Data extracted from a collection:
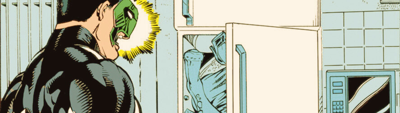 Agora, antes que eu comece a me alongar, vamos traçar o paralelo com a lista Women in Refrigerators (Mulheres na Geladeira). Escrita em noventa e nove pela escritora Gail Simone, ela é um catálogo de mais de cem personagens femininas de quadrinhos que foram mortas, mutiladas, agredidas física e moralmente ou desempoderadas de alguma forma, sempre para servir como potencializadores do desenvolvimento de personagens em sua maioria masculinos. Muito semelhante ao movimento feito por Aoko Matsuda em A Mulher Morre. O nome da lista vem de um incidente em Green Lantern, vol. 3, #54, onde a namorada do herói é encontrada morta dentro de uma geladeira.
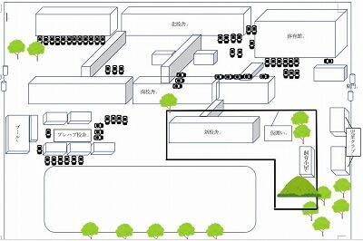 作業着を着ています。校舎の方を凝視しています。はい。そうですね。先日お知らせした新校舎建築の工事関係者です。先ほどの紐は、これから新校舎が立てられる場所を示したものなんです。新校舎は下の図にあるように小運動場に建設予定です。
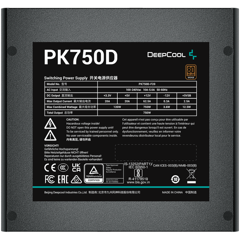DeepCool PK750D, 750W, 80 Plus BRONZE, Taiwanese Capacitors, Flat Black Cables, 120mm Fan, SCP/OPP/OTP/OVP/OCP/UVP, 5Y, R-PK750D-FA0B-EU
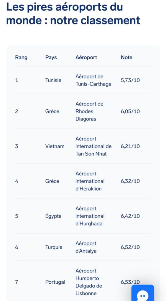 كشف تقرير عالمي يستند إلى تقييمات المسافرين حول العالم عن تجربة الركاب في المطارات، أن مطار تونس قرطاج الدولي يُصنف ضمن المطارات التي تواجه تحديات في بعض الخدمات.
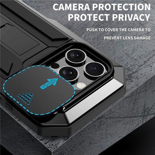 R-JUST For iPhone 16 Pro Case PC+Silicone+Metal Kickstand Phone Cover with Tempered Glass Film - Red
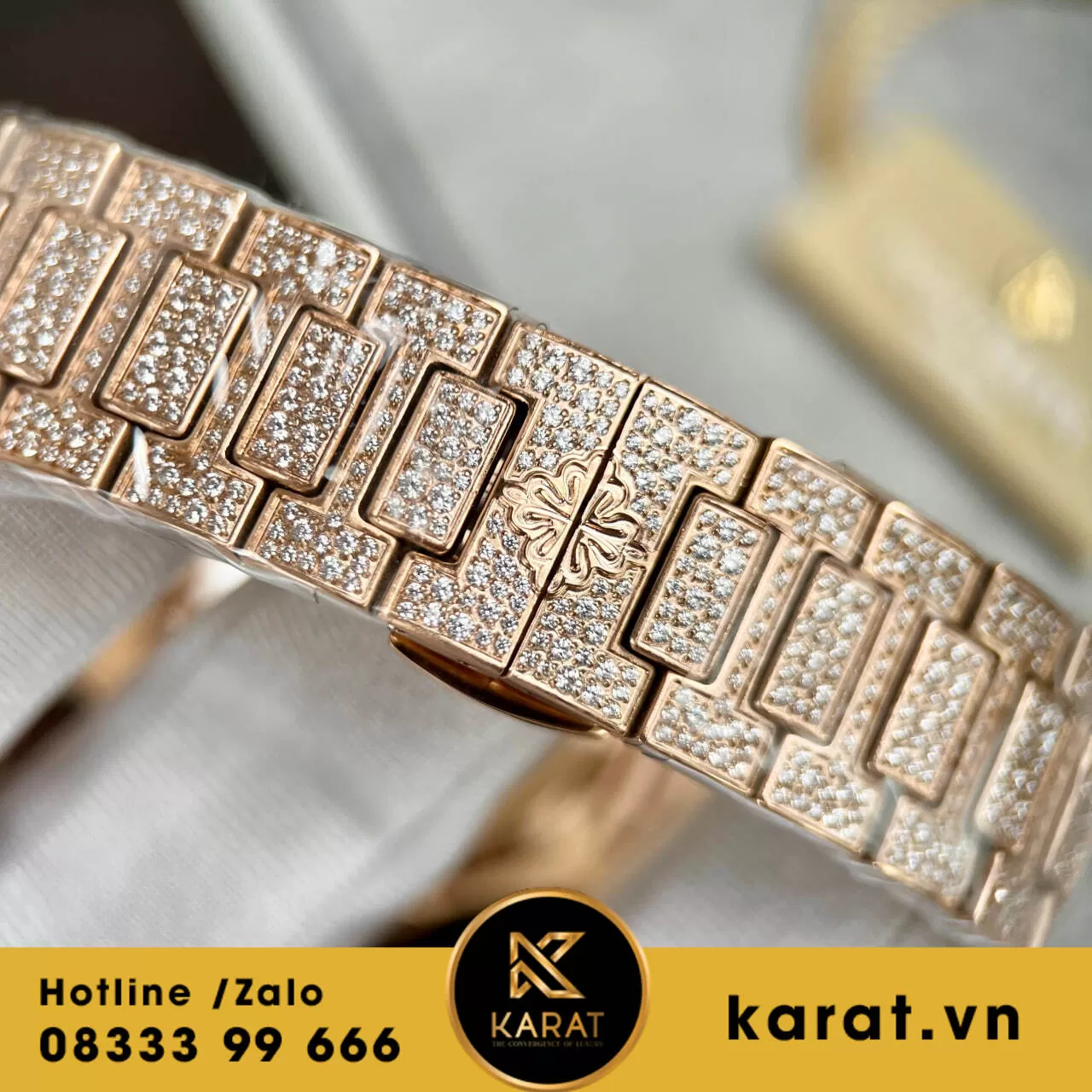 Vỏ đồng hồ kích thước 40mm được chế tác từ thép không gỉ cao cấp, phủ đầy đá CZ lấp lánh, phản chiếu ánh sáng rực rỡ từ mọi góc nhìn. Form vỏ đặc trưng Nautilus với các đường cong uốn nhẹ, ôm sát cổ tay, tạo cảm giác thoải mái khi đeo nhưng vẫn giữ nét quyền quý và thời thượng.
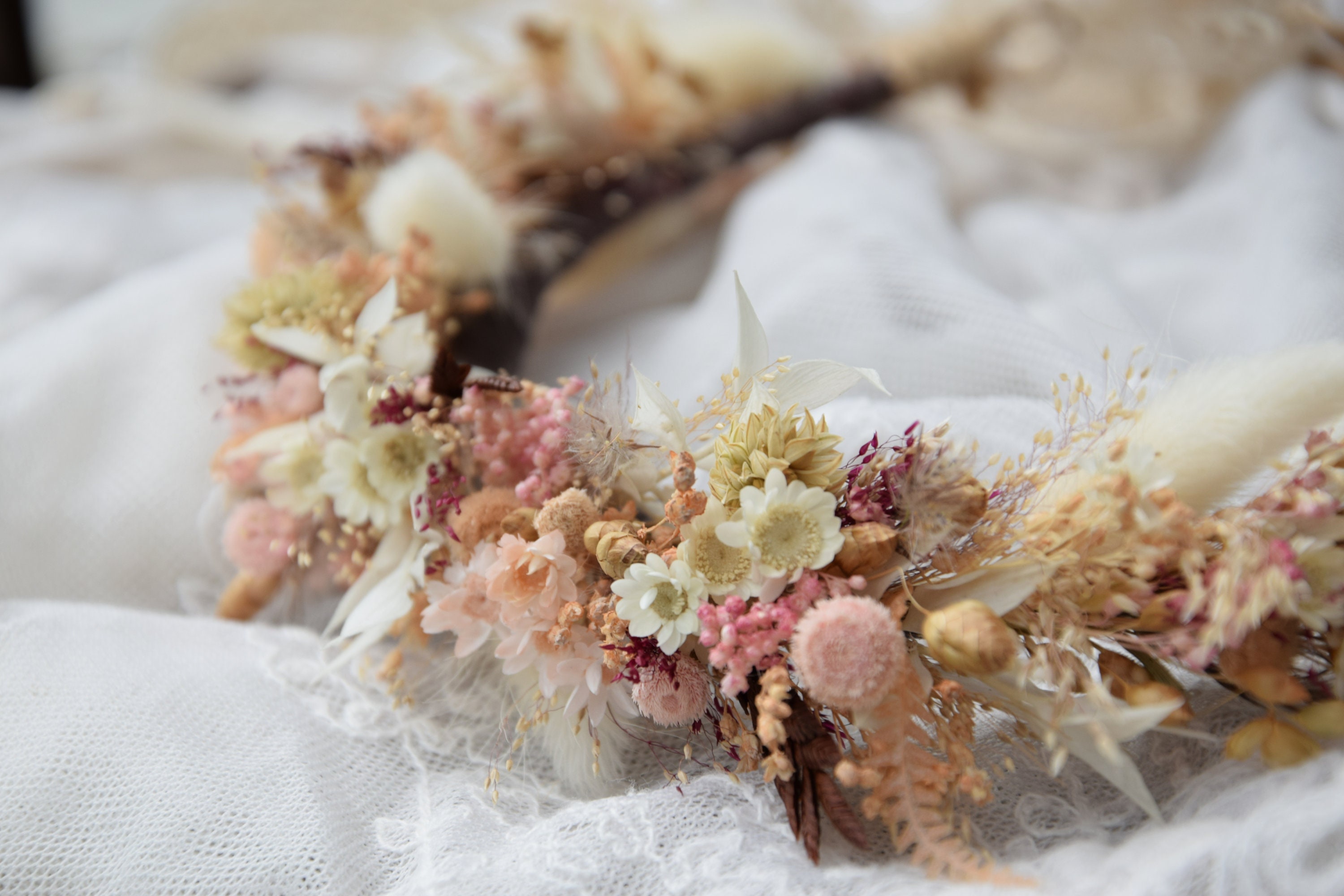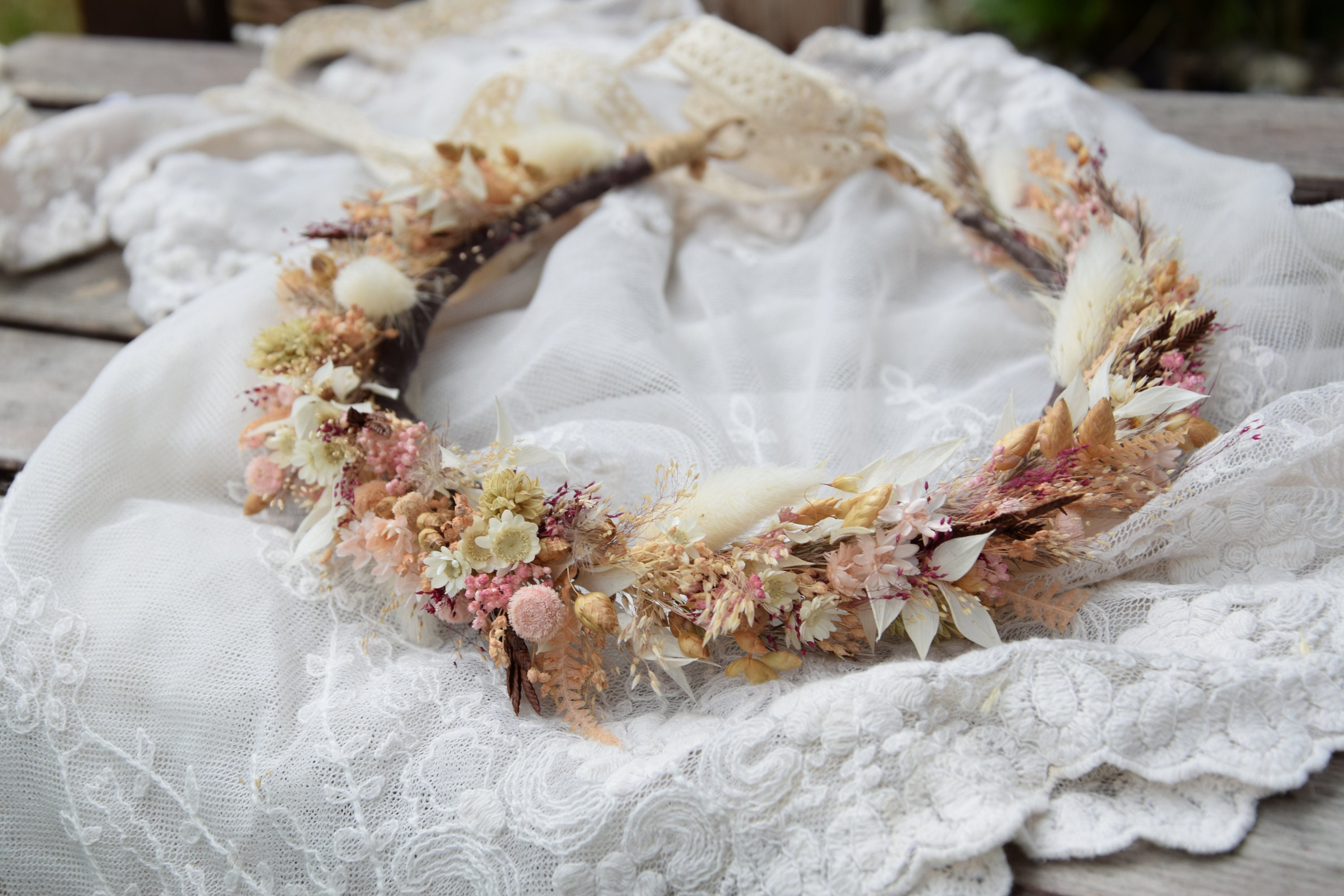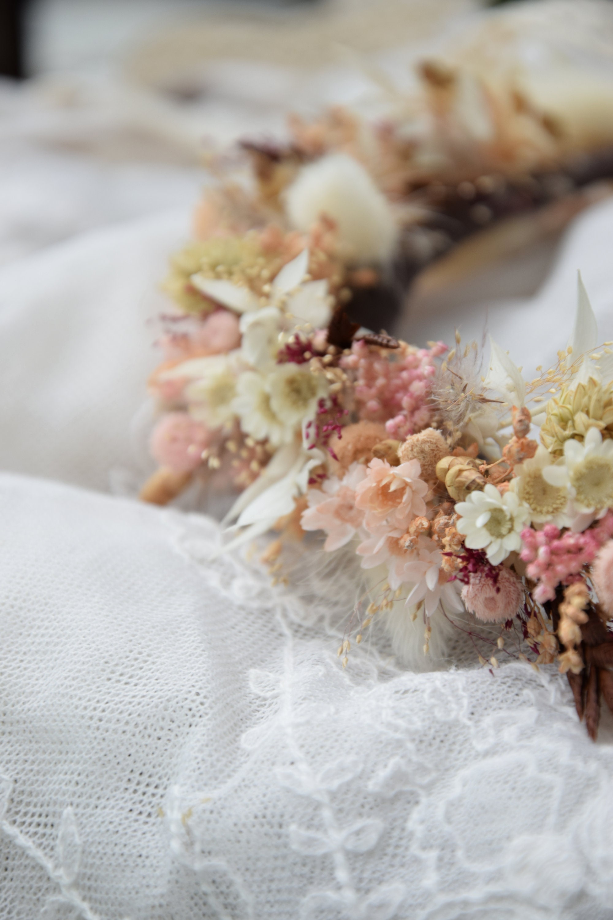 Wianek na głowę z suszonych i stabilizowanych kwiatów
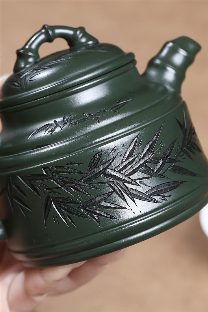 原礦墨綠泥任平生竹鼎茶壺POT7020
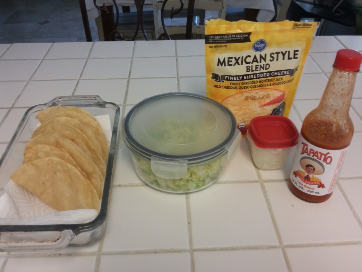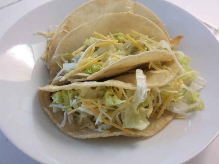 When meat is done, turn to lowest setting and make taco shells. Most often it’s corn tortillas but we don’t mind “soft tacos” with flour tortillas if we run out.

Description of the task — The response must restate exactly the lines from the one containing "DeepCool PK750D, 750W, 80" through the end of the records above and must leave out all pictures.

Exercise answer —
DeepCool PK750D, 750W, 80 Plus BRONZE, Taiwanese Capacitors, Flat Black Cables, 120mm Fan, SCP/OPP/OTP/OVP/OCP/UVP, 5Y, R-PK750D-FA0B-EU
 كشف تقرير عالمي يستند إلى تقييمات المسافرين حول العالم عن تجربة الركاب في المطارات، أن مطار تونس قرطاج الدولي يُصنف ضمن المطارات التي تواجه تحديات في بعض الخدمات.
 R-JUST For iPhone 16 Pro Case PC+Silicone+Metal Kickstand Phone Cover with Tempered Glass Film - Red
 Vỏ đồng hồ kích thước 40mm được chế tác từ thép không gỉ cao cấp, phủ đầy đá CZ lấp lánh, phản chiếu ánh sáng rực rỡ từ mọi góc nhìn. Form vỏ đặc trưng Nautilus với các đường cong uốn nhẹ, ôm sát cổ tay, tạo cảm giác thoải mái khi đeo nhưng vẫn giữ nét quyền quý và thời thượng.
 Wianek na głowę z suszonych i stabilizowanych kwiatów
 原礦墨綠泥任平生竹鼎茶壺POT7020
 When meat is done, turn to lowest setting and make taco shells. Most often it’s corn tortillas but we don’t mind “soft tacos” with flour tortillas if we run out.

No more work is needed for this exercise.